No material from the original 1939 lecture survive, but Part Two gives two contemporary newspaper reports about the lecture, which give a glimpse into what the lecture might have looked like.
Part Three is a transcription of two earlier drafts of the essay, with much of the discarded writings preserved, which throws light on Tolkien's thought process on these topics.
From the publisher
‘On Fairy-stories’ comprises about 18,000 words. What is little-known is that when Tolkien expanded the essay in 1943, he wrote many more pages of his views that were originally condensed into or cut from the published version. An estimate is difficult, but these unpublished passages perhaps amount to half again as much writing as the essay itself. These passages contain important elaborations of his views on other writers, and their publication represents a significant addition to Tolkien studies. Included in this new critical study of the work are:
- An introductory essay setting the stage for Tolkien's 1939 lecture (the origin of the essay) and placing it within a historical context.
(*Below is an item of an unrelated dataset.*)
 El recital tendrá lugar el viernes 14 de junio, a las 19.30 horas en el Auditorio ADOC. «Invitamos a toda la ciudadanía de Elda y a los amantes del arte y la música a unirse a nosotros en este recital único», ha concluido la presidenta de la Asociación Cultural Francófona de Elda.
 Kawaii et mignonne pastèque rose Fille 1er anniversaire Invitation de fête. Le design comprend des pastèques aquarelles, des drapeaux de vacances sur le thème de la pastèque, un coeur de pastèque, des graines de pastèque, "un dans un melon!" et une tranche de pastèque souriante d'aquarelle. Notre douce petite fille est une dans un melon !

- A history of the writing of ‘On Fairy-stories’, beginning with coverage of the original lecture as delivered, and continuing through to first publication in 1947.
- The essay proper as published in corrected form in Tree and Leaf (1964).
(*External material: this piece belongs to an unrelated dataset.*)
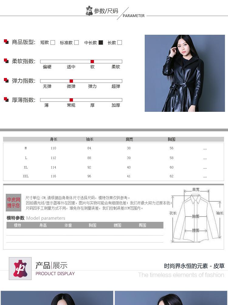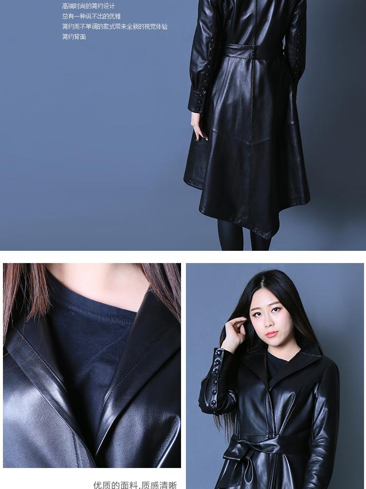 京豹 單皮衣女 真皮 綿羊皮超長款大翻領(lǐng)潮流女裝皮衣583

- Commentary on the allusions in the text, and notes about the revisions Tolkien made to the text as published in Tree and Leaf.
- Important material not included in the essay as published, with commentary by the editors.
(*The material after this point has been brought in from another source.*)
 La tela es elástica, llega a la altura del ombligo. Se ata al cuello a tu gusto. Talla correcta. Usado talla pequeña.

Contained within ‘On Fairy-stories’ are the roots of the tree of tales that bore such glittering fruit in Tolkien's published and unpublished work. Here, at last, Flieger and Anderson reveal through literary archaeology the extraordinary genesis of this seminal work and discuss, in their engaging commentary, how what Tolkien discovered during the writing of the essay would shape his writing for the rest of his life.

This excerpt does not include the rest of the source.